I've finally posted my position on the Childs/Brueggemann debate, if you want to check it out.

stc said...

• Dave:
Certainly, there are points in the book which jar the reader and we certainly don’t want to flatten those out. Yet, the confession of Qohelet, i.e., "remember your creator" is akin to beginning with the "fear of Yhwh." … Perhaps Eccl teaches that maybe our experience of reality (especially when it is based upon an autonomous epistemology) is not always completely reliable.

Indeed, perhaps that is the lesson we should draw from Ecclesiastes, taken in the context of the canon as a whole. (Which, as I have been at some pains to point out, is a principle Brueggemann fully supports.) But I'm not persuaded that that lesson is what Qohelet set out to teach.

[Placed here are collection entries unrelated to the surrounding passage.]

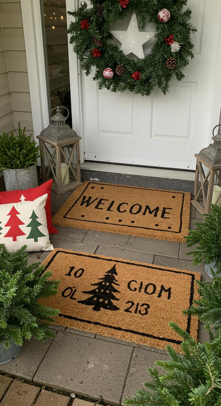 Add a seasonal doormat to your entryway for a cheerful touch. Combine it with decorative accessories like wreaths, lanterns, or pillows that match your yard decor. Craft embellishments made from inexpensive materials or skip the store-bought items to save money. A welcoming entrance adds charm for just $20 to $30, making your home look festive and inviting.
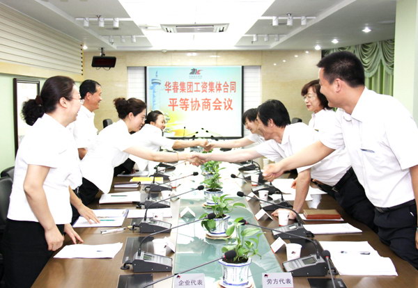 華春投資集團(tuán)企業(yè)方代表與職工方代表在前幾次協(xié)商的基礎(chǔ)上,于6月9日召開了正式的三項(xiàng)集體合同平等協(xié)商會(huì)議。勞資雙方都本著從整體上維護(hù)員工的合法權(quán)益、構(gòu)建和諧的勞資關(guān)系、促進(jìn)企業(yè)生產(chǎn)經(jīng)營秩序良好發(fā)展的原則,嚴(yán)格按照集體合同訂立的程序,就三項(xiàng)集體合同有關(guān)條款內(nèi)容又一次進(jìn)行了全面、仔細(xì)、坦誠、熱烈、深刻的平等協(xié)商對(duì)話,達(dá)成了共識(shí),達(dá)到有利于雙方的預(yù)期,最終擬定了集體合同草案。此次平等協(xié)商會(huì)議由華春投資集團(tuán)工會(huì)主席高青主持。
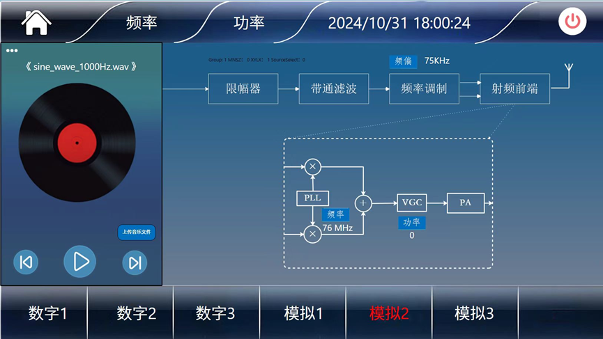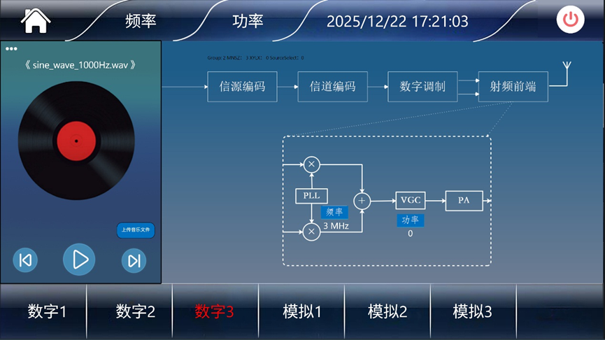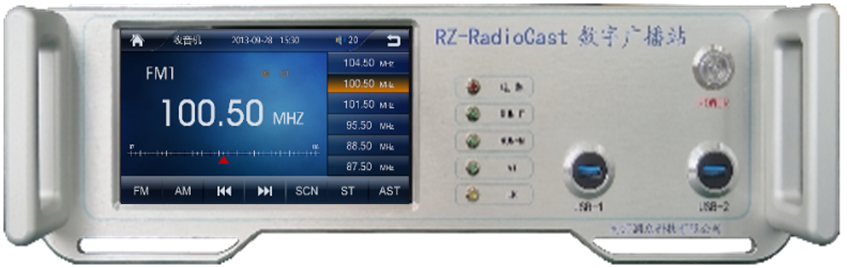 1、广播站内置 5 寸触摸屏,屏底设 6 个广播台配置键(设置信号制式),屏顶设频率、功率配置键,左侧配音乐播放器,可选择各台信源。
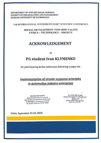 • Іван Клименко представив наукову доповідь «Implementation of circular economy principles in automotive industry enterprises»;
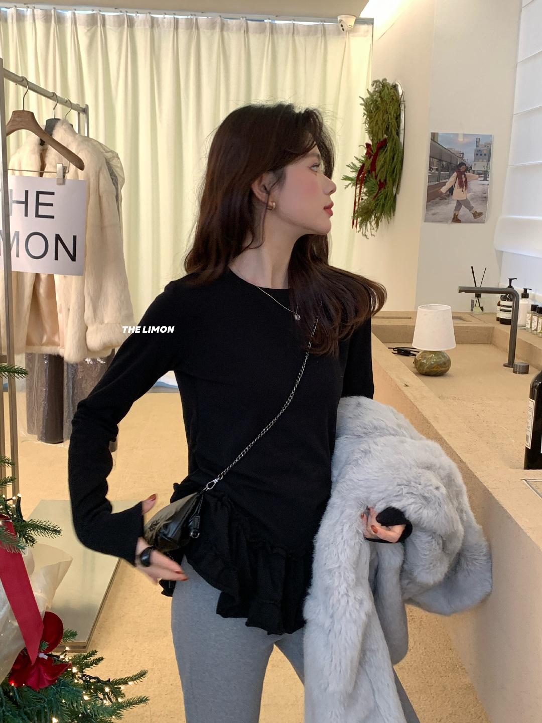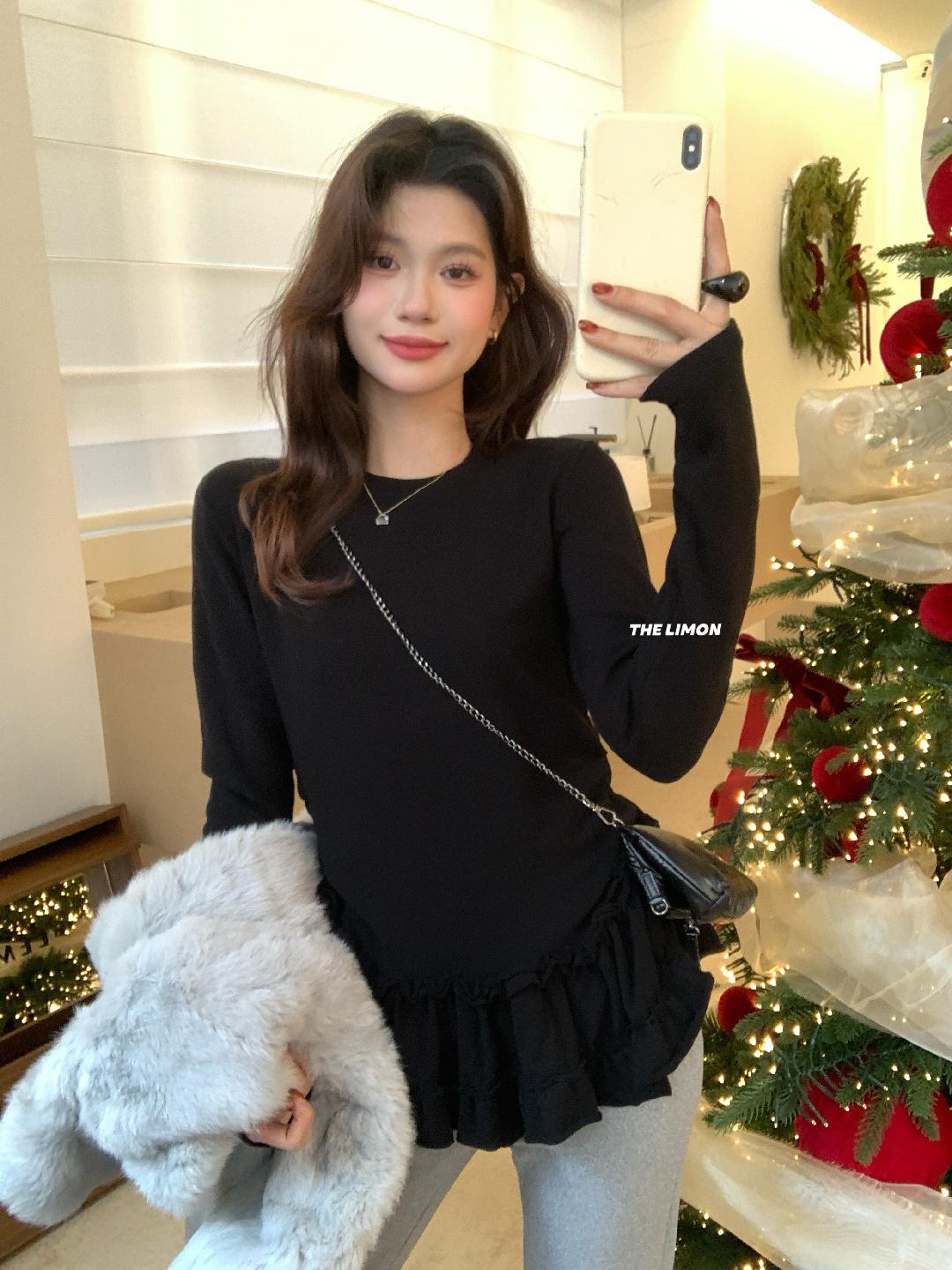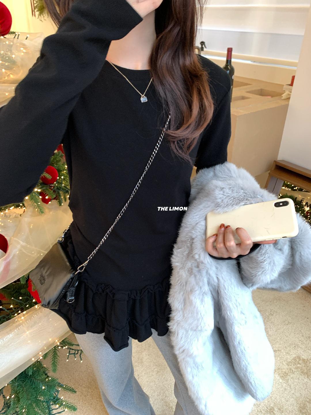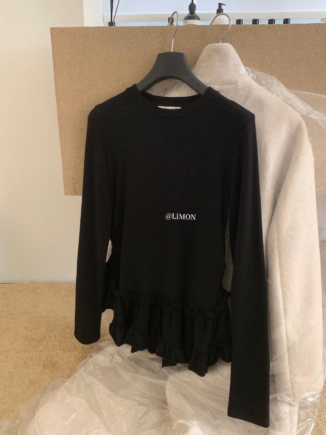3. 【C8332】設計感芭蕾花邊裙襬圓領抓毛長袖T恤
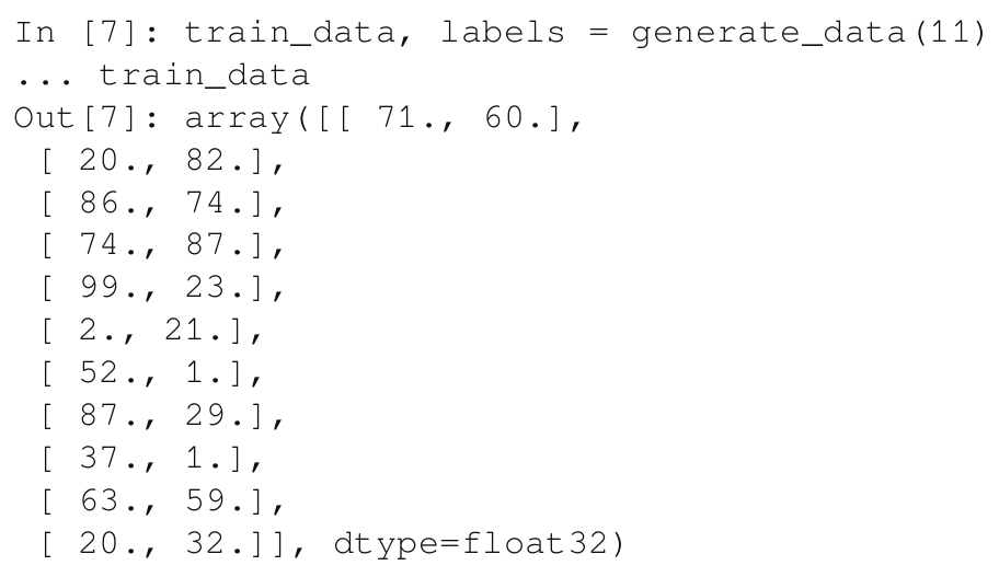 第一步是生成一些训练数据。为此,我们将使用NumPy的随机数生成器。正如3.2节讨论过的,我们将固定随机数生成器的种子,这样重新运行脚本总是可以生成相同的值:
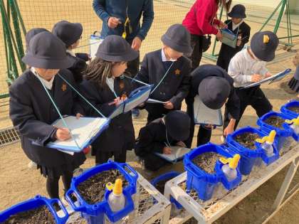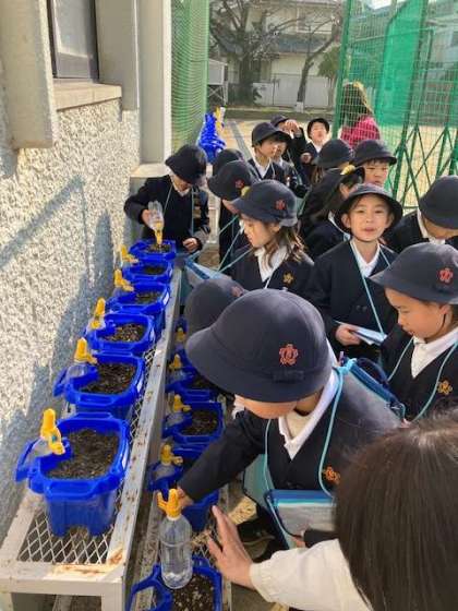 1年生が育てているチューリップ。少し緩んできたお天気の中で、芽が出てきました〜!
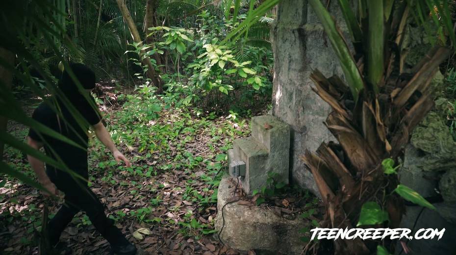 Dude in black mask fucks masturbating in the garden babe Raylin Ann
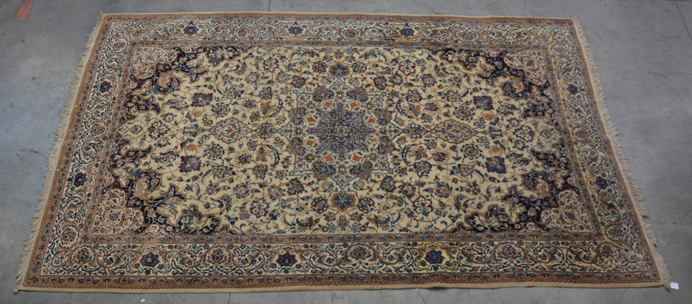 Tappeto Nain, Persia secolo XX. Lana e seta. Disegno a medaglione rosso su campu blu e azzurro (370x223) (difetti)
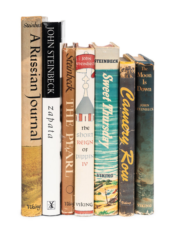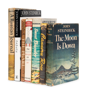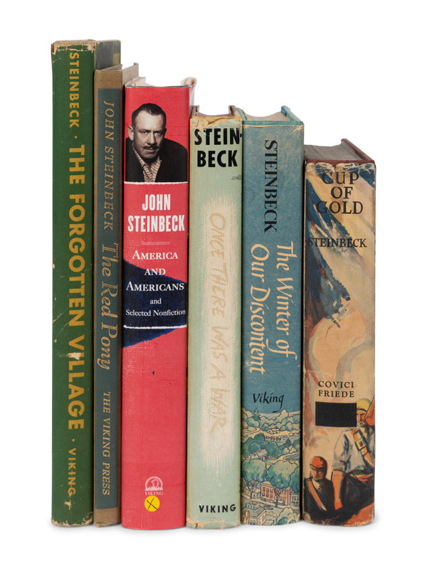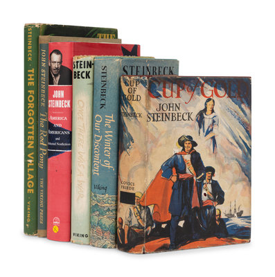 Cup of Gold. Covici Friede, [1936]. Second issue. Goldstone & Payne A1.b. -- The Winter of Our Discontent. 1961. FIRST TRADE EDITION. Goldstone & Payne A38.b. -- Once There was a War. 1958. -- The Forgotten Village. 1941. -- The Moon is Down. 1942. With added notation "By the Haddon Craftsmen" without p.112 large period. Goldstone & Payne A16.b. -- The Pearl. 1947. Goldstone & Payne A25.a. -- The Red Pony. 1945. Slipcase. FIRST ILLUSTRATED EDITION. -- A Russian Journal. 1948. 4th binding. Goldstone & Payne A27.a. -- America and Americans and Selected Nonfiction. 2002. -- And 4 others. Together, 13 works in 13 volumes, all published in New York, most by the Viking Press, all 8vo, all in original bindings, most in dust jackets, most FIRST EDITION, condition generally very good.
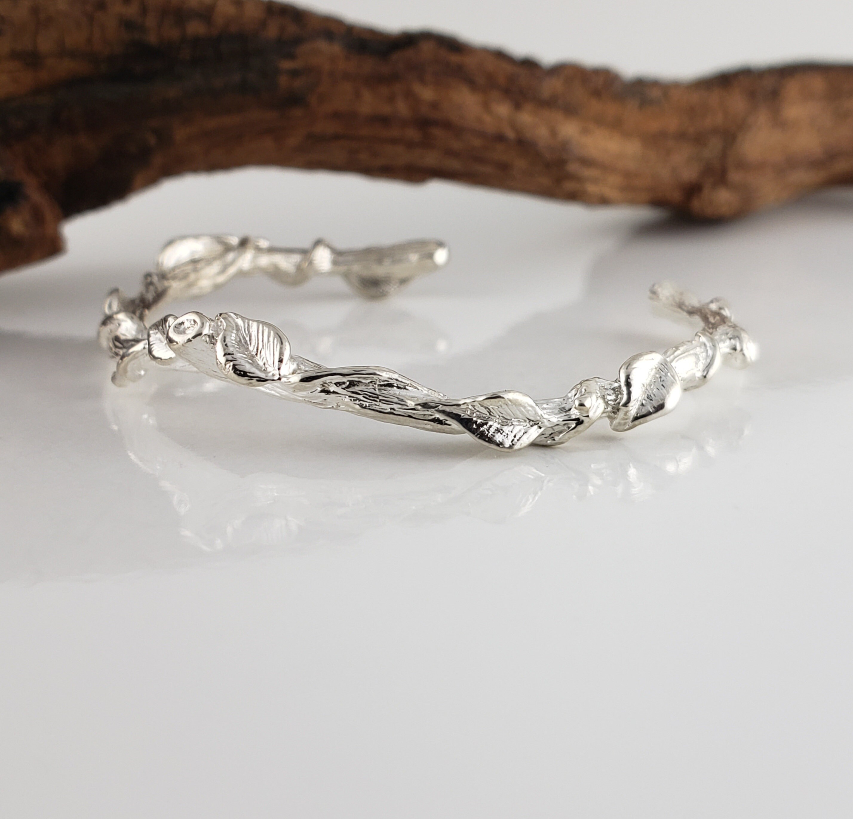 Leaf and Vine Twig Cuff Bracelet in Solid Gold - by DV Jewelry Designs

I intend to read the two articles you have suggested to me. Indeed, I appreciate the recommendations very much. I'm not a seminarian and, without the help of well-read folks like you, I must discover good resources for myself.

However, it should be clear that I resist any method that attempts to arrive, prematurely, at an orthodox reading of Ecclesiastes. I've decided the language that would be most helpful here would be "to domesticate" the text. With Brueggemann, I resist any attempt to domesticate the voice of Qohelet (or his biographer).

In common with Childs, your approach seems to involve taking one or two relatively orthodox verses and using them as a prism through which to read sustained sections of the rest of the book. The balance here (occasional verses used as a control for sustained sections) strikes me as questionable.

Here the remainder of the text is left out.